De Raad van State heeft de uitspraak van de rechtbank vernietigd en de zaak terugverwezen naar de rechtbank voor een nieuwe behandeling. De rechtbank moet opnieuw toetsen of de staatssecretaris zich terecht op het standpunt heeft gesteld dat de verklaringen van de vreemdeling en de door haar overgelegde documenten geen nieuwe elementen bevatten. De staatssecretaris hoeft geen proceskosten te vergoeden. De uitspraak is gedaan op 23 december 2019.

Uitspraak

201906900/1/V2.
Datum uitspraak: 23 december 2019
AFDELING
BESTUURSRECHTSPRAAK
Uitspraak met toepassing van artikel 8:54, eerste lid, van de Algemene wet bestuursrecht op het hoger beroep van:
de staatssecretaris van Justitie en Veiligheid,
appellant,
tegen de uitspraak van de rechtbank Den Haag, zittingsplaats Groningen, van 5 september 2019 in zaak nr. NL19.17822 in het geding tussen:
[de vreemdeling]
en
de staatssecretaris.
Procesverloop
Bij besluit van 26 juli 2019 heeft de staatssecretaris een aanvraag van de vreemdeling om haar een verblijfsvergunning asiel voor bepaalde tijd te verlenen, niet-ontvankelijk verklaard.

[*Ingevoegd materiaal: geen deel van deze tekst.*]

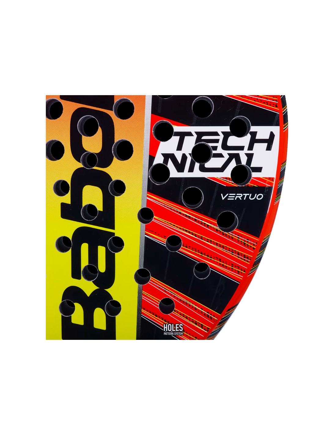 Aumentando a potência e a precisão em cada golpe ofensivo, as faces do Babolat Technical Vertuo 2023 abrigam o inovador Soft Fiber, um amálgama de fibras flexíveis que, com o mínimo de esforço, geram máxima potência e energia, ao mesmo tempo que proporcionam perdão e conforto excepcionais na pista. A superfície também abriga a tecnologia 3D Spin , uma interação de relevos que ampliam o repertório de efeitos que a bola pode assumir.
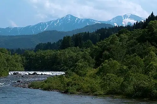 ![]() Der Fluss Sagae mit dem Koasahi-dake links und Ōasahi-dake rechts im Hintergrund | ||

Bij uitspraak van 5 september 2019 heeft de rechtbank het daartegen door de vreemdeling ingestelde beroep gegrond verklaard, dat besluit vernietigd en bepaald dat de staatssecretaris een nieuw besluit op de aanvraag neemt met inachtneming van wat in de uitspraak is overwogen.
Tegen deze uitspraak heeft de staatssecretaris hoger beroep ingesteld.
De vreemdeling, vertegenwoordigd door mr. G.J. Dijkman, advocaat te Utrecht, heeft een schriftelijke uiteenzetting gegeven.
Overwegingen
1.    In de eerste grief klaagt de staatssecretaris dat de rechtbank ten onrechte een eigen oordeel heeft gegeven over de geloofwaardigheid van de door de vreemdeling gestelde groei en ontwikkeling van haar christelijke geloof. Volgens de staatssecretaris heeft de rechtbank daarmee een onjuiste toetsingsmaatstaf gehanteerd.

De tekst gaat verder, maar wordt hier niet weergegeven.